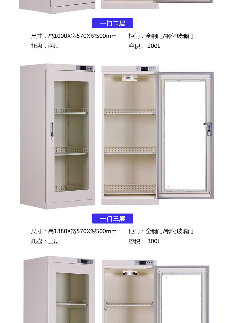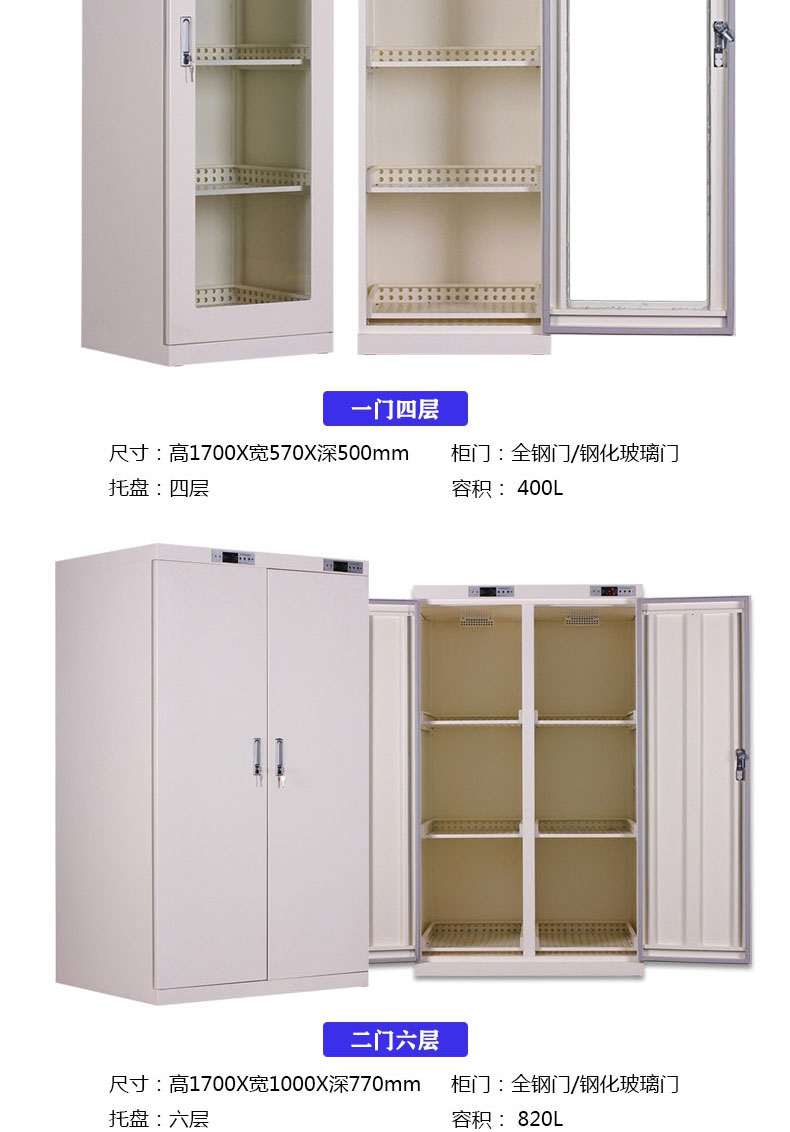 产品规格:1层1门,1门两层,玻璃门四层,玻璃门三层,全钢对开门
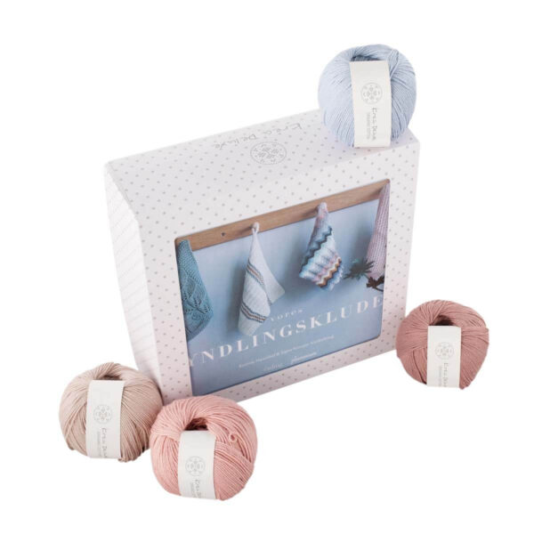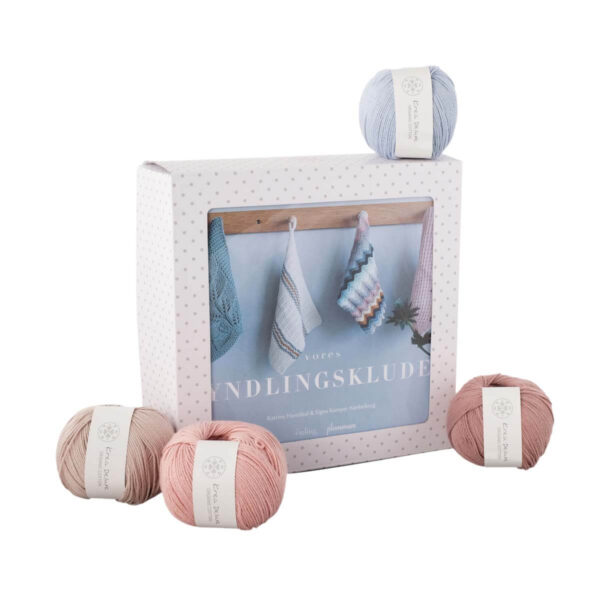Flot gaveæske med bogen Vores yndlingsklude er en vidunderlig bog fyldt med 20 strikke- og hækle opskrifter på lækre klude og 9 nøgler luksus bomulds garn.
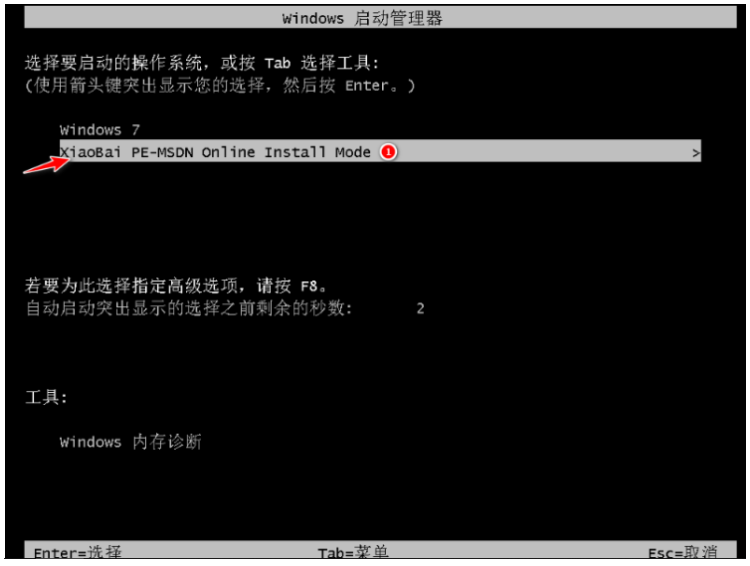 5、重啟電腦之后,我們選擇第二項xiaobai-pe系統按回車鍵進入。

•••

§ **PROBLEM**
Without including any picture, repeat the data exactly.

§ **YOUR RESPONSE**
 产品规格:1层1门,1门两层,玻璃门四层,玻璃门三层,全钢对开门
Flot gaveæske med bogen Vores yndlingsklude er en vidunderlig bog fyldt med 20 strikke- og hækle opskrifter på lækre klude og 9 nøgler luksus bomulds garn.
 5、重啟電腦之后,我們選擇第二項xiaobai-pe系統按回車鍵進入。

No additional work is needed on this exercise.